1. Lucy and Paul planned to go visit college friends in New York, but Lucy decides not to go because she needs some space to “consider the state” of her marriage to Paul. She is concerned that he is not talking to her about his deep concerns about his health. (Prologue)

2. Paul has a “nagging sense” that he is not done studying and that he has too many unresolved thoughts and ideas, so he applies for a master’s program in English at Stanford to continue his studies. He is accepted. (Part 1, Section 2)

3. Paul pursues a degree in the history and philosophy of science and medicine at the recommendation of his professors, which he is able to do because the med school application process takes 18 months. This frees up a year of Paul’s life to pursue another area of study. (Part 1, Section 2)

PART 1, SECTIONS 3-5

Reading Check

1. 23.5 (Part 1, Section 4)

2. Neurosurgery (Part 1, Section 4)

Short Answer

1. Paul finds two undigested morphine pills, which suggests that this person died in pain. This detail humanizes the cadaver and reminds Paul that he was once a living person. (Part 1, Section 3)

2. Mrs. Harvey is an 82-year-old woman Paul treats with a minor operation for a bowel obstruction. While she first seems to recover easily, she develops complications that eventually lead to her death.
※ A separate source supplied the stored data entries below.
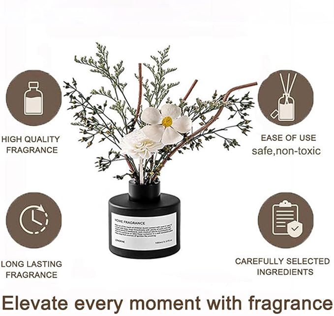 - Includes: One fragrance diffuser 3.38oz ,A bouquet of dried flowers (real flowers preserved through a special process), and Rattan sticks. In addition, free send 5pcs/pack diffuser sticks. Enjoy lasting fragrance for 30-50 days
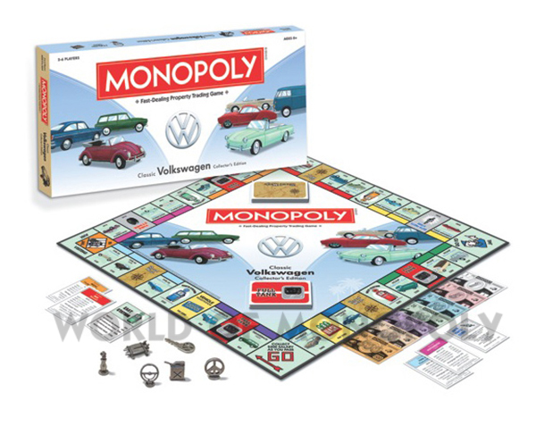 Take a tour of nostalgia, unique design and reliable engineering that has been Volkswagen's time-tested mark. Own all the makes and models that made history, including special California Look vehicles as you buy, sell, and trade your favorite vintage Volkswagens! This limited edition board game has been custom designed and tailored to Volkswagen enthusiasts — us! This version is slightly different to the USA version with different properties.
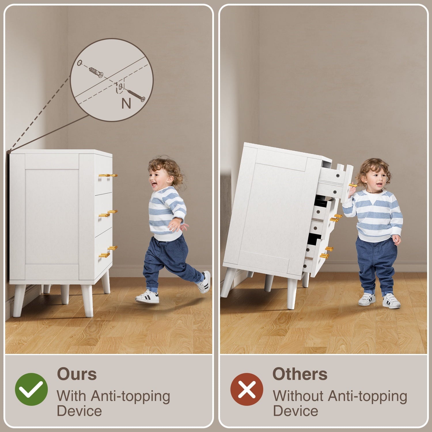 🌙【Built Tough & Safe】Made with strong engineered wood that lasts. Angled legs and anti-tip hardware keep it rock-solid and secure.
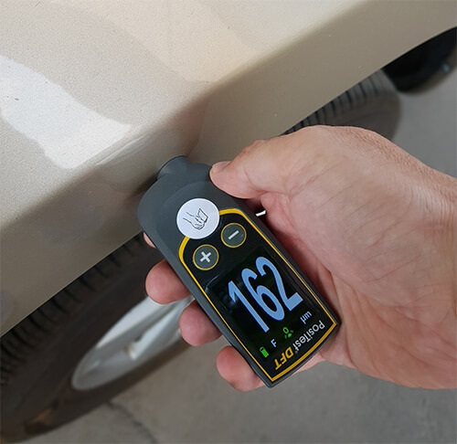 Автомобильный толщиномер PosiTest DFT F измеряет толщину краски только на ферромагнитных материалах, включая панели кузова, детали двигателя и стальные колесные диски. Автомобильный толщиномер PosiTest DFT F это профессиональный инструмент для измерения толщины лакокрасочного покрытия (толщины лкп) автомобилей на кузовах автомобилей изготовленных из различных марок сталей.
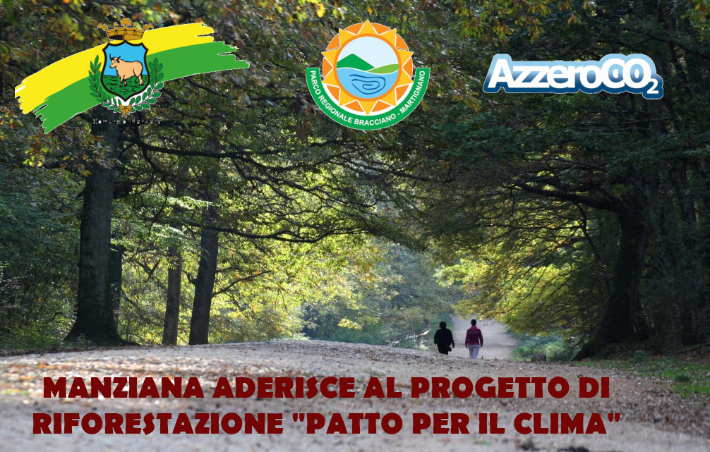 Il Comune di Manziana, con delibera di Giunta n. 155 del 4 novembre 2019, ha approvato il protocollo d’intesa con il Parco Regionale Bracciano-Martignano e la società AzzeroCo2 per la realizzazione di interventi di riforestazione urbana per contrastare i cambiamenti climatici. Azzero CO2 è una società costituita da Legambiente e Kyoto Club e sta promuovendo a livello nazionale la campagna “Mosaico Verde” ed in particolare il progetto “Patto per il Clima” per la riqualificazione di spazi verdi funzionali all’adattamento ai cambiamenti climatici, riducendo i rischi da essi derivanti.
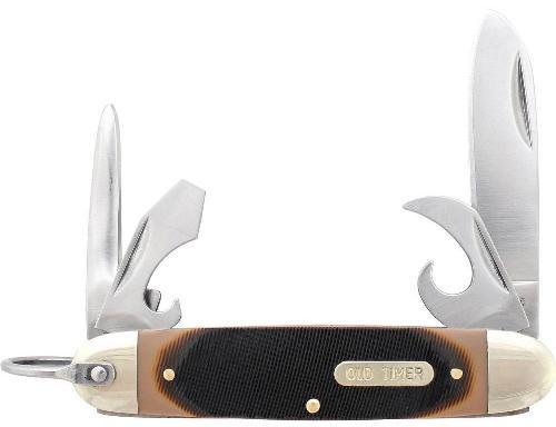 Old Timer Traditional Scout Pocket Knife. 7Cr17MoV High Carbon Stainless Steel Drop Point, Can Opener, Screwdriver & Cap Lifter, and Awl, Old Timer Saw Cut Handles, Nickel Silver Bolsters, Brass Pins & Liners, Heath Treated Back Springs, Shackle

Her death angers and saddens Paul, and he realizes that he will have to treat the subjects of all his paperwork as humans first, not just words on a page. (Part 1, Section 5)

PART 1, SECTIONS 6-9

Reading Check

1. Laurie is hit by a car and killed. (Part 1, Section 6)

2. It means a star coming apart (Part 1, Section 7)

3. Neuroscience (Part 1, Section 8)

4. Full paralysis, save the ability to blink (Part 1, Section 9)

Short Answer

1. “Informed consent” refers to a patient’s signing a document acknowledging that they understand the surgical process, risks, and benefits and that they authorize the surgeon to perform it. Paul adapts this concept to his own practice in that he considers the meaning of “informed consent” beyond a piece of paper; to him it is a way of moving forward in collaboration with the patient. (Part 1, Section 7)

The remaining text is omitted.